━━━ RECORDS FOR THIS TASK

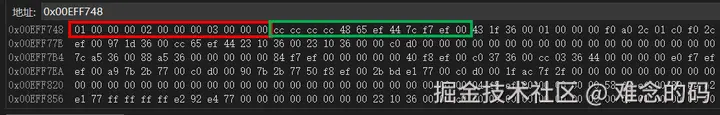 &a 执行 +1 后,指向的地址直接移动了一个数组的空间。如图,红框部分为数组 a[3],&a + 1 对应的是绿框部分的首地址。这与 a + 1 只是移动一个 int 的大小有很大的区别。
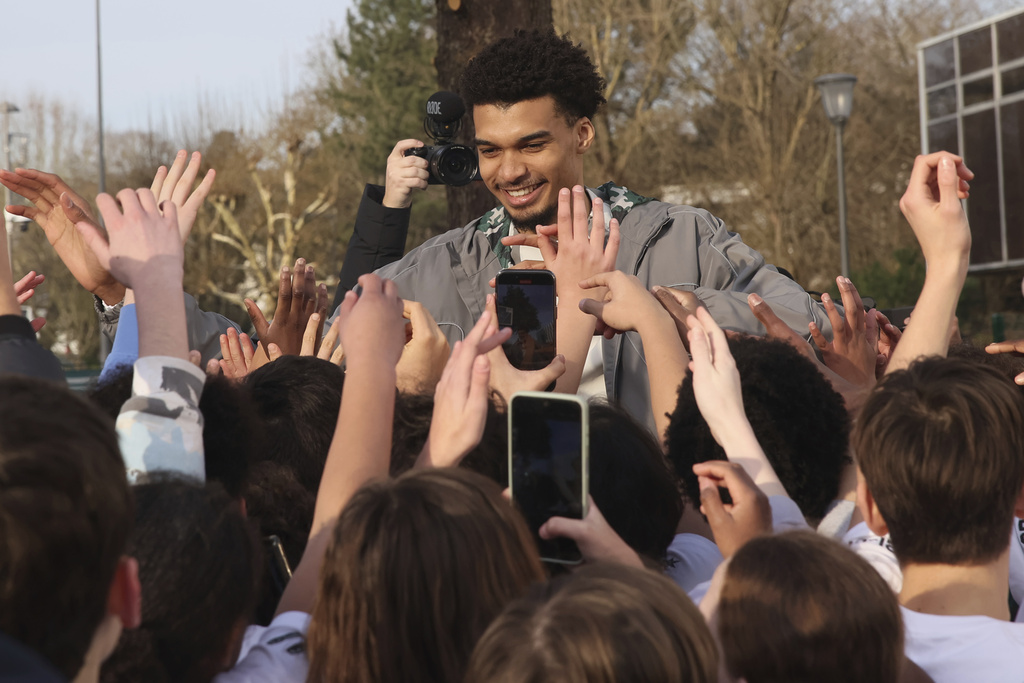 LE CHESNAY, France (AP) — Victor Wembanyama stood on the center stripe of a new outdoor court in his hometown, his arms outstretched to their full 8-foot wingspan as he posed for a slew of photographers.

━━━━━━
━━━ RECORDS FOR THIS TASK

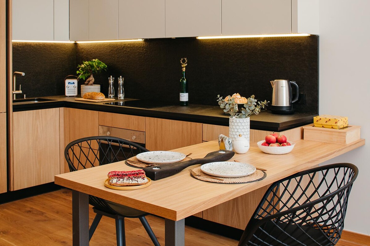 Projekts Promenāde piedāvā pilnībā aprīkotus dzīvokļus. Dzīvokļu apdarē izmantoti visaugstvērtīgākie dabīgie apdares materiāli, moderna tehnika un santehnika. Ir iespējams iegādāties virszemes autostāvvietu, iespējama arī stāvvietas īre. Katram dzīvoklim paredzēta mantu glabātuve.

━━━━━━

→ **TASK GOAL**
From the line with "只是移动一个 int 的大小有很大的区别。" up to and including the line with "LE CHESNAY, France" above, retype every line exactly and nothing more; leave out the pictures.

→ **EXERCISE RESPONSE**
 &a 执行 +1 后,指向的地址直接移动了一个数组的空间。如图,红框部分为数组 a[3],&a + 1 对应的是绿框部分的首地址。这与 a + 1 只是移动一个 int 的大小有很大的区别。
 LE CHESNAY, France (AP) — Victor Wembanyama stood on the center stripe of a new outdoor court in his hometown, his arms outstretched to their full 8-foot wingspan as he posed for a slew of photographers.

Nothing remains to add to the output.